The increase in the number of confirmed cases in Brown County is the most pronounced in the state since the spring elections. The state department of health services said the county had seen 41 positive tests as of April 7. By April 17, that number had more than quadrupled to 180.

This is an increase of 340%. During this period, state-wide totals increased by 57%.

According to Shove, the county’s concerns about the increase include the role that “a non-governmental organization with multiple sites throughout the county” could play in the spread of the virus. He said the county suspects a connection between “a group of cases” and a place where “the operations are not accessible to the public”.

Shove would not identify the organization and would not disclose any specific locations relating to health officials.

He said, however, that the county does not believe the elections earlier this month are responsible for the increase in cases in Brown County, at least so far.

Twenty-nine of the new Brown County cases reported by the state on Friday were in an area east of the East River and south of Main Street in Green Bay.

Most people who develop symptoms of COVID-19 do so within 12 days of infection. The election, which reduced the number of polling stations in Green Bay from 31 to two, and long queues outside the polling stations, took place on April 7.

County health officials initially shared little information at 3 p.m. Friday. conference call with journalists. Shove read a brief statement and then left the call. He and health worker Anna Destree spoke with the Green Bay Press-Gazette later today.

Destree said county residents don’t need to take extra precautions after the latest news, but said people should take advice seriously to stay home and avoid close contact with people. other people, not just when it seems convenient.

Statewide, out of 28 counties in Wisconsin with more than five cases on April 7, only two others saw their numbers double: Walworth County, which went from 21 to 75 cases (257%), and Racine County, which went from 66 cases to 157 (138%).

Milwaukee County had similar queues on election day after its 180 polling stations were reduced to five.

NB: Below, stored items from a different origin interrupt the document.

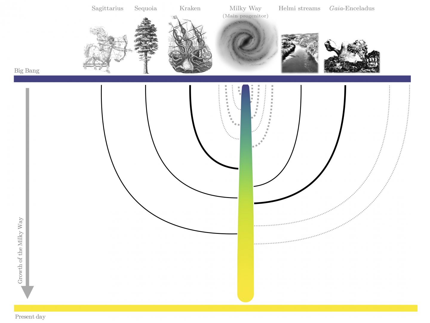 image: Family tree of the Milky Way. The main progenitor of the Milky Way is denoted by the trunk of the tree, coloured by stellar mass. Black lines indicate the five identified galaxies. Grey dotted lines depict other mergers that the Milky Way experienced that could not be connected to a specific progenitor. From left to right, the six images along the top of the figure indicate the identified progenitor galaxies: Sagittarius, Sequoia, Kraken, the Milky Way's Main progenitor, the progenitor of the Helmi streams, and Gaia-Enceladus-Sausage.
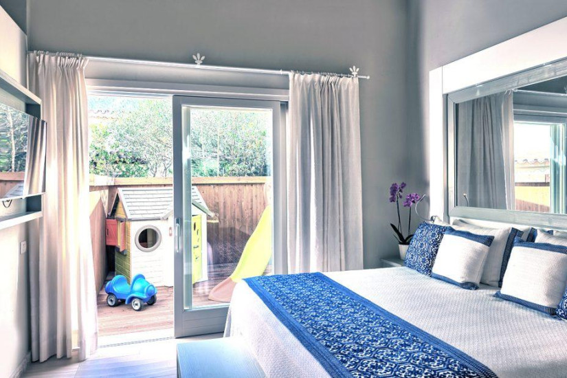 - 31 м2. Состоит из из спальни с двуспальной кроватью, гостиной с двумя раскладывающимися кроватями, ванной комнаты с ванной и небольшого внутреннего дворика. Бунгало выходит в отдельный сад, оборудованный игрушками для детей и окруженный красивым деревянным забором
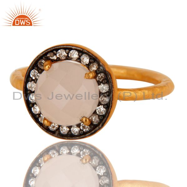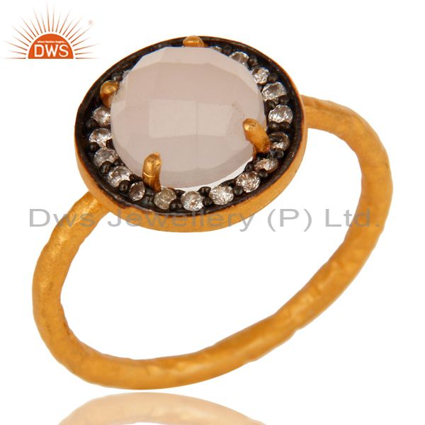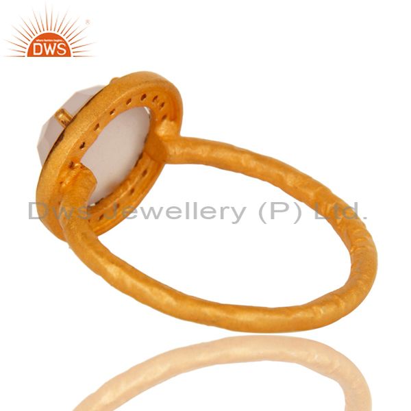 14K Gold Over Sterling Silver Yellow Moonstone And Cz Hammered Stack Ring
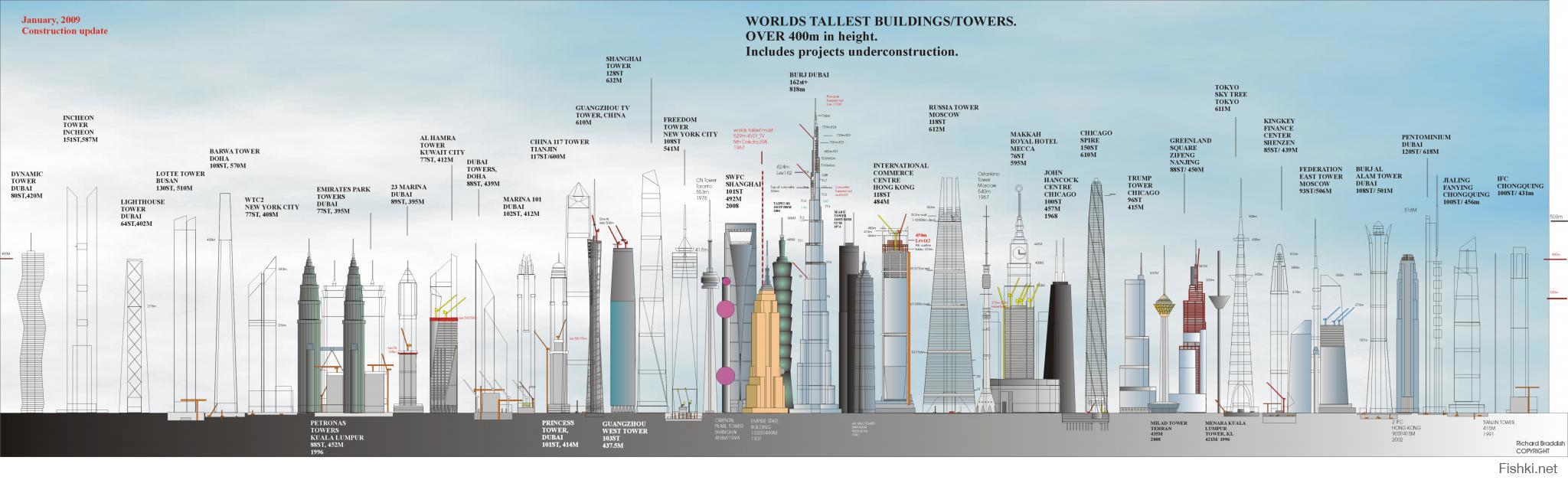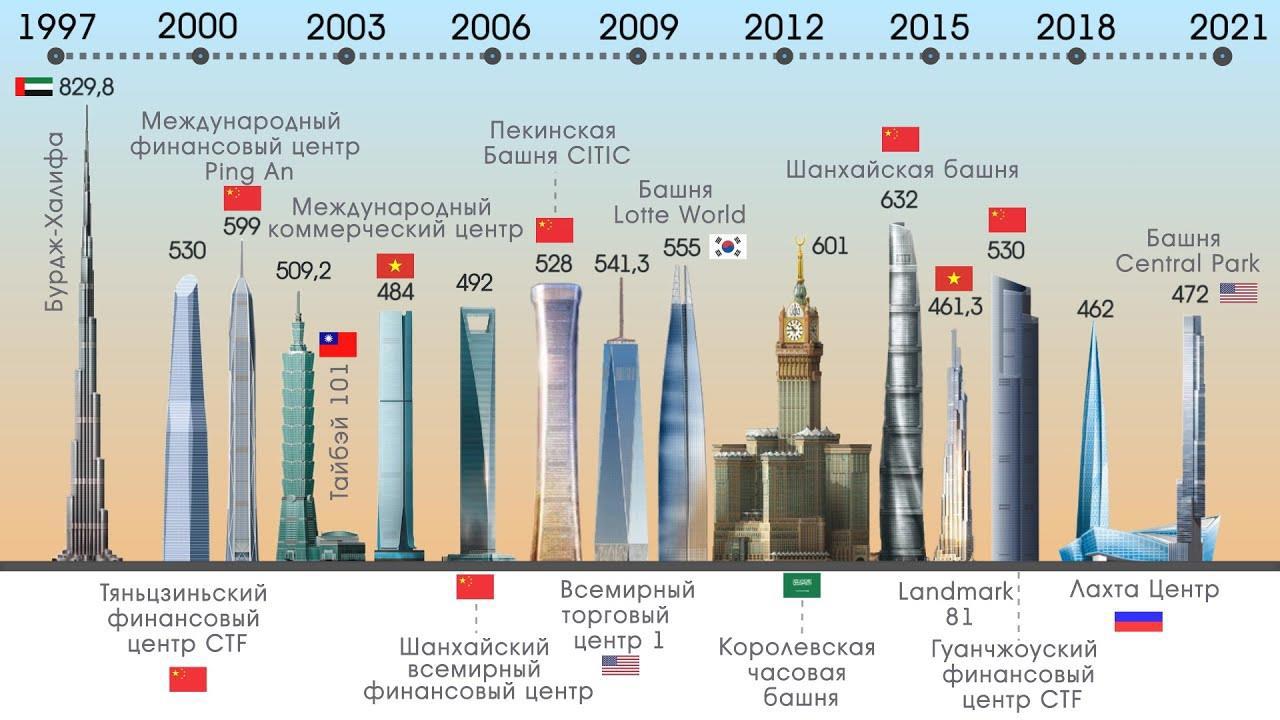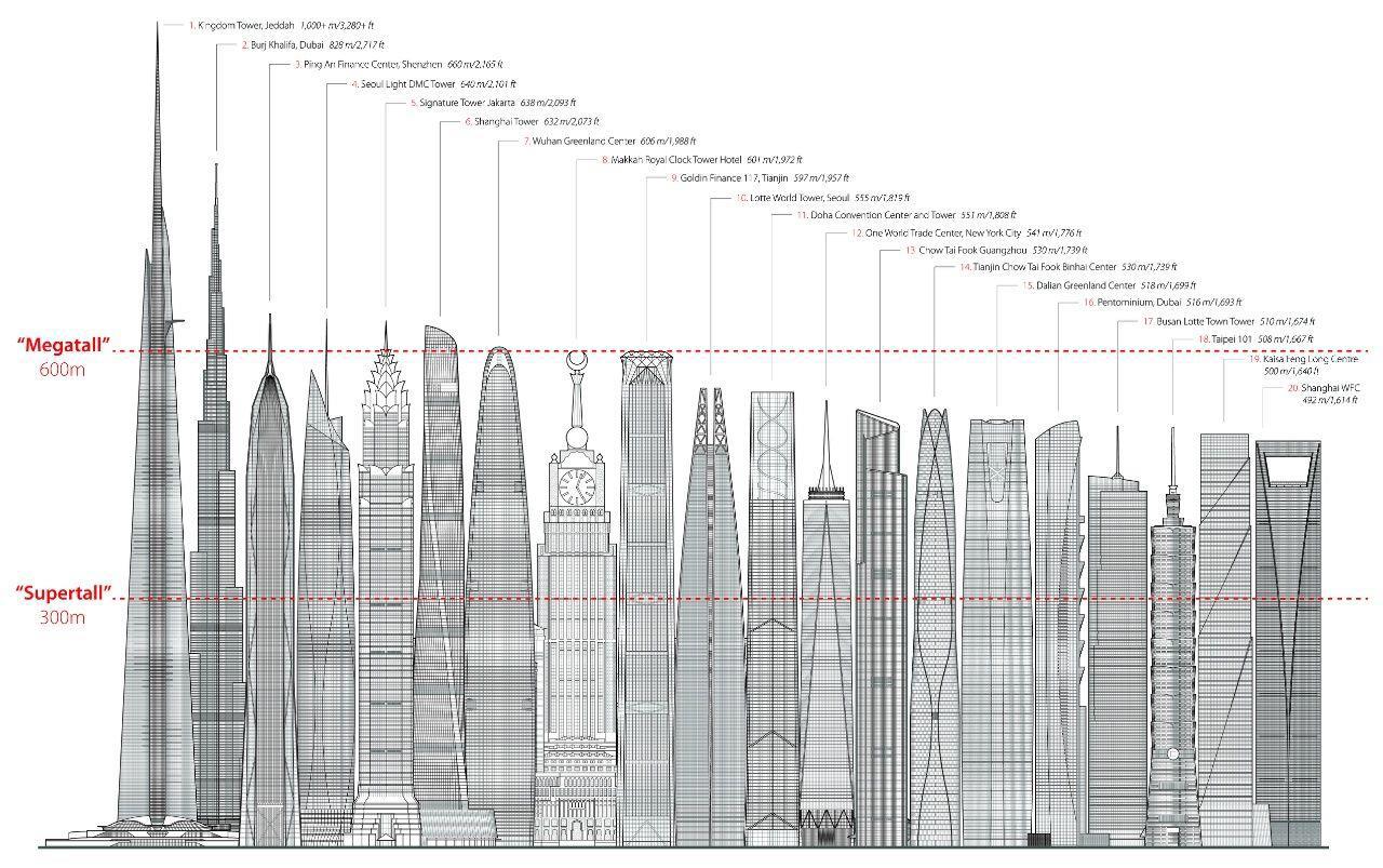 Самые Высокие здания и башни выше 400 м, включая недостроенные и проекты

But Milwaukee County has seen a 52% increase in confirmed cases over the same period – below the state average.

Milwaukee County has recently had a peak in positive cases, but this corresponds to a similar peak in tests (the percentage of all positive tests has remained stable). In Brown County, the increase in positive cases occurred while tests remained relatively stable.

Research on the first cases in China shows that the average incubation of the coronavirus was five days. The total number of cases in Brown County began to increase sharply on election day, suggesting that the election was not the only source of spread.

Andrew Mollica of the Sentinel Journal contributed to this report.